[Recorded data]
+--

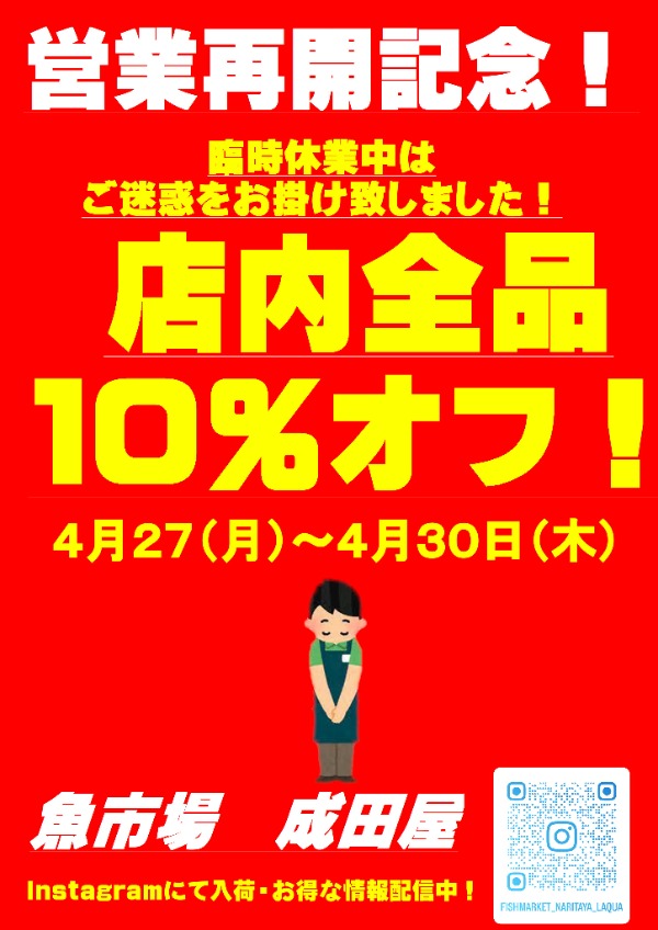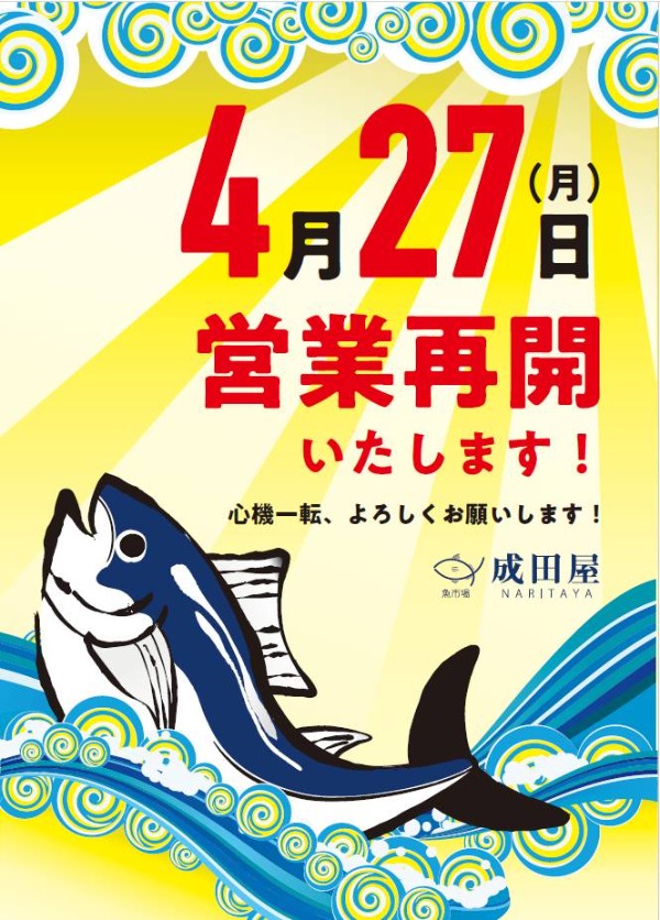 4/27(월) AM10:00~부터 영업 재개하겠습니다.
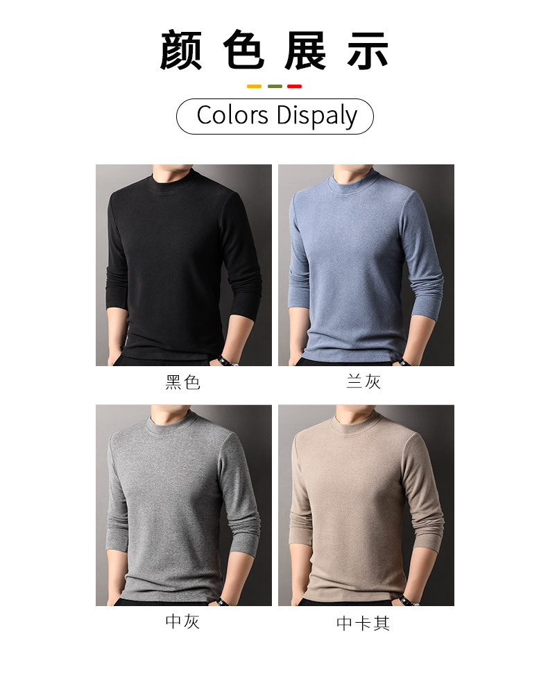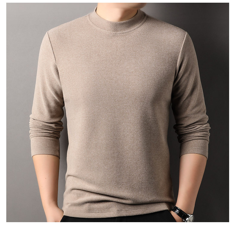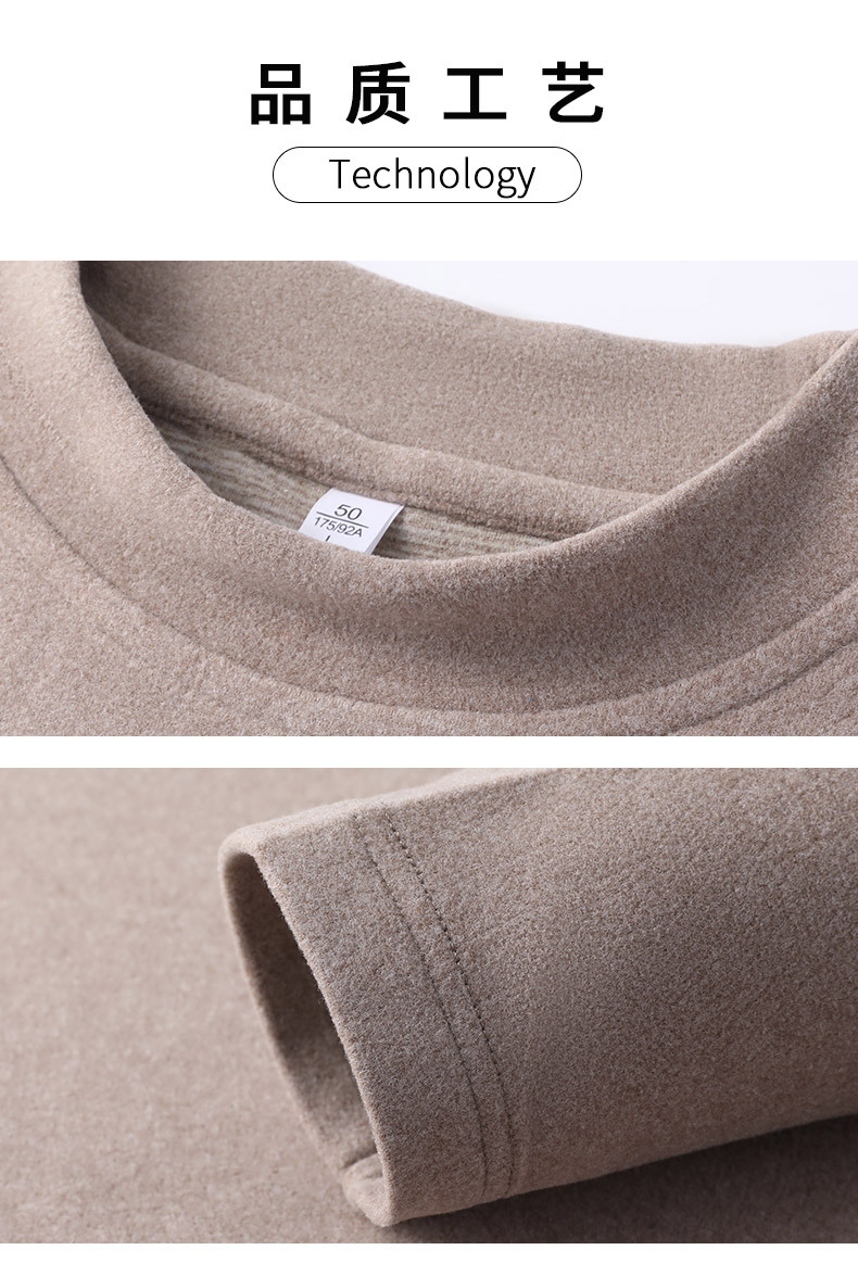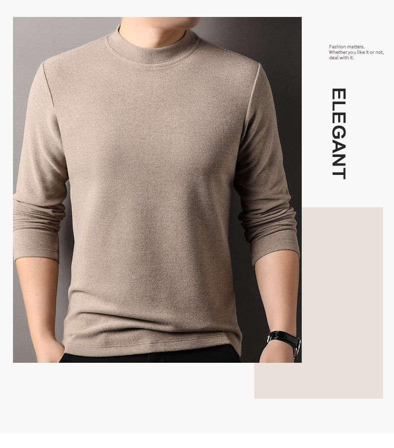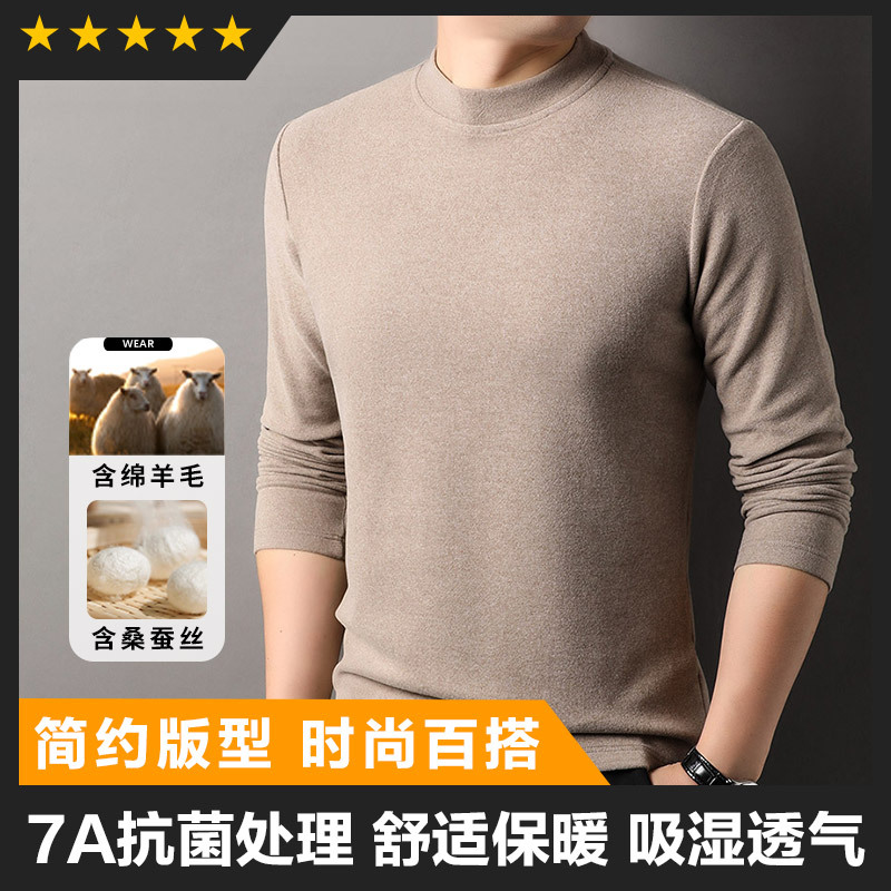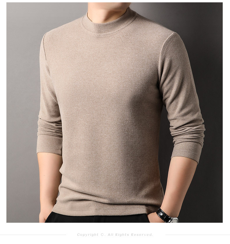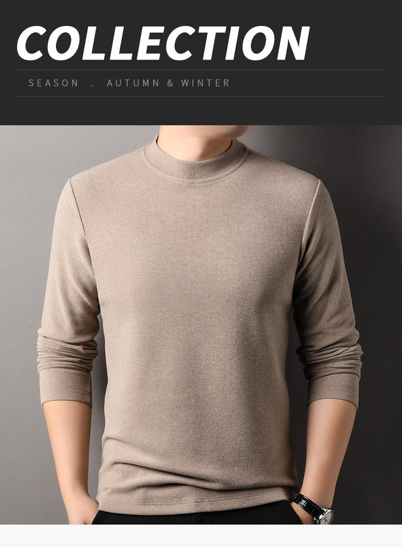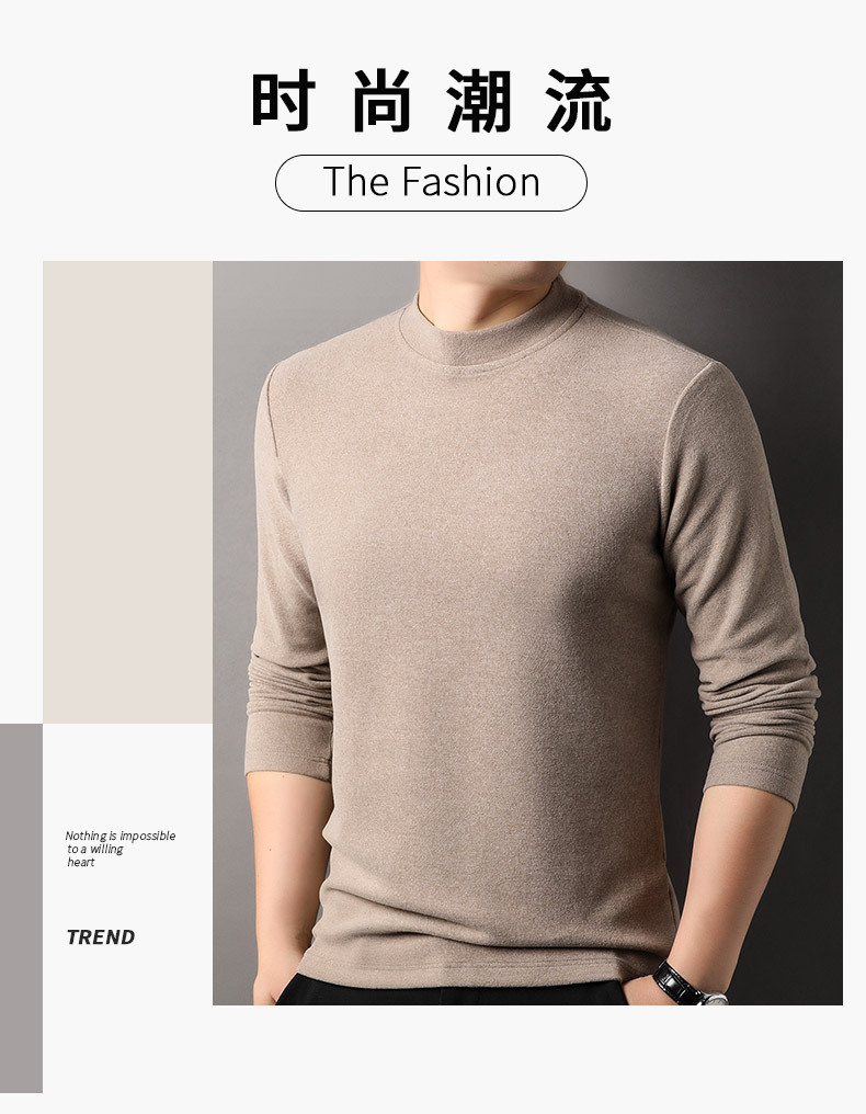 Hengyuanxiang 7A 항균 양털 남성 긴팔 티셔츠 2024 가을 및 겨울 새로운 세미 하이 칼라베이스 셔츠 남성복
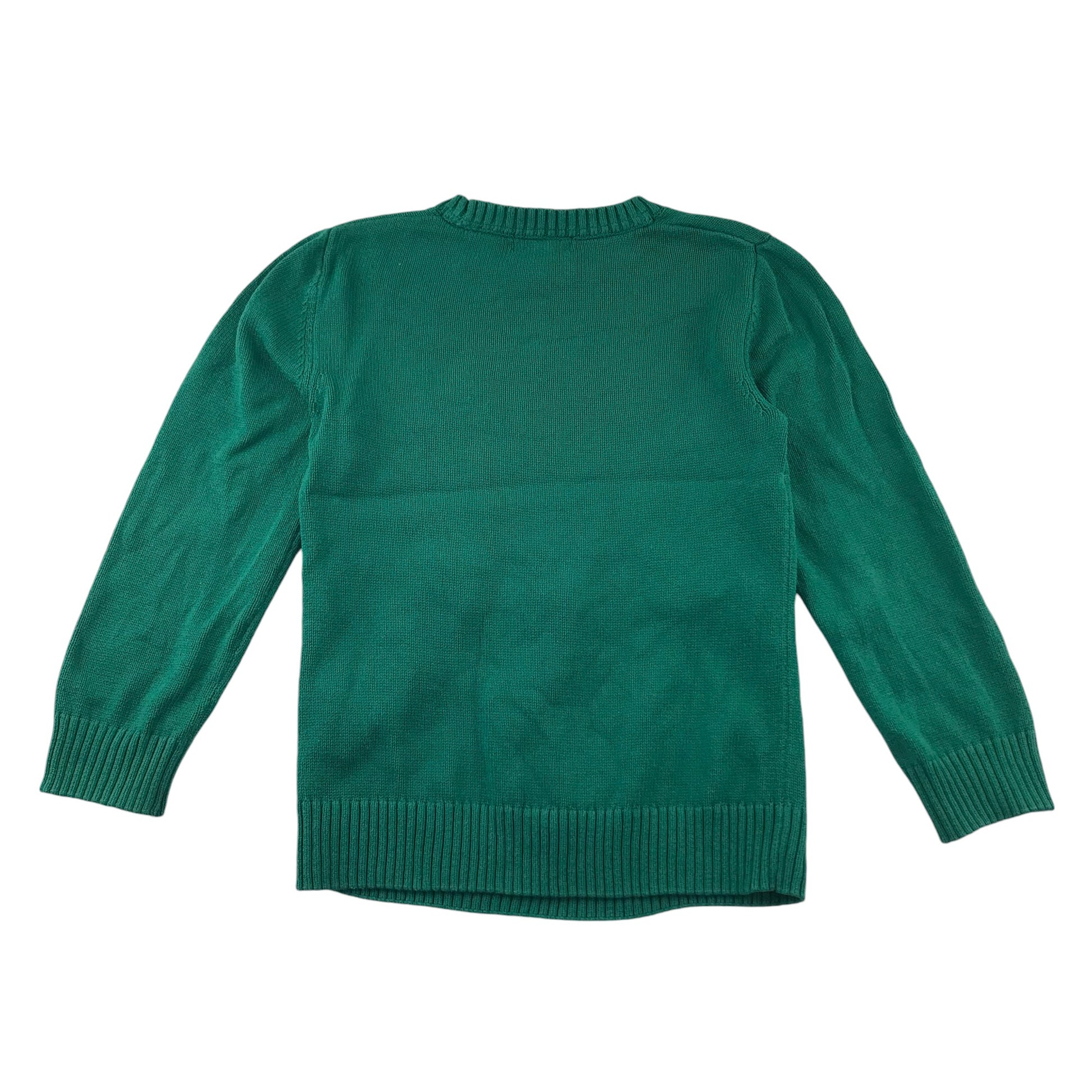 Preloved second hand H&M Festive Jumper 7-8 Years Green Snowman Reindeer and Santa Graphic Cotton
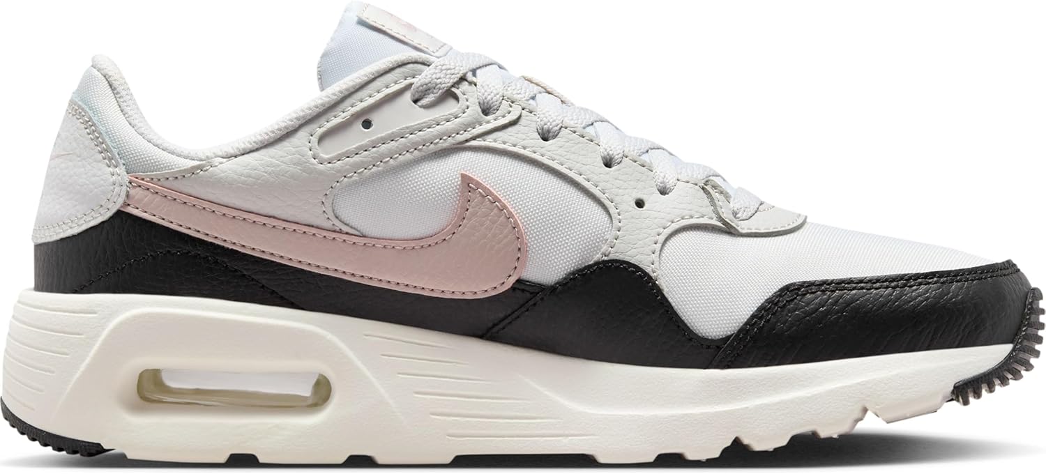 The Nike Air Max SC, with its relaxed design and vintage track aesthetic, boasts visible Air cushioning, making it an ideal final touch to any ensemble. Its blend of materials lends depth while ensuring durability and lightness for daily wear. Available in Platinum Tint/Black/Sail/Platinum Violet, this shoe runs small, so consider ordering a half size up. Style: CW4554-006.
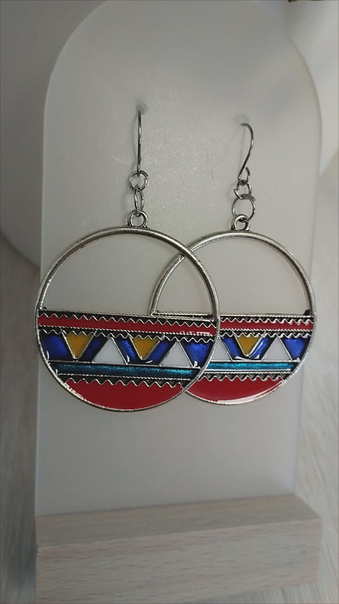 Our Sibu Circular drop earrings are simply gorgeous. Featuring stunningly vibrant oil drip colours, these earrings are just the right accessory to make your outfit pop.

+--

_What you will do_:
Your answer must be an exact copy of the lines above, from the line that contains "Preloved second hand" through the final line, with no pictures in it.

_Expected answer_:
 Preloved second hand H&M Festive Jumper 7-8 Years Green Snowman Reindeer and Santa Graphic Cotton
 The Nike Air Max SC, with its relaxed design and vintage track aesthetic, boasts visible Air cushioning, making it an ideal final touch to any ensemble. Its blend of materials lends depth while ensuring durability and lightness for daily wear. Available in Platinum Tint/Black/Sail/Platinum Violet, this shoe runs small, so consider ordering a half size up. Style: CW4554-006.
 Our Sibu Circular drop earrings are simply gorgeous. Featuring stunningly vibrant oil drip colours, these earrings are just the right accessory to make your outfit pop.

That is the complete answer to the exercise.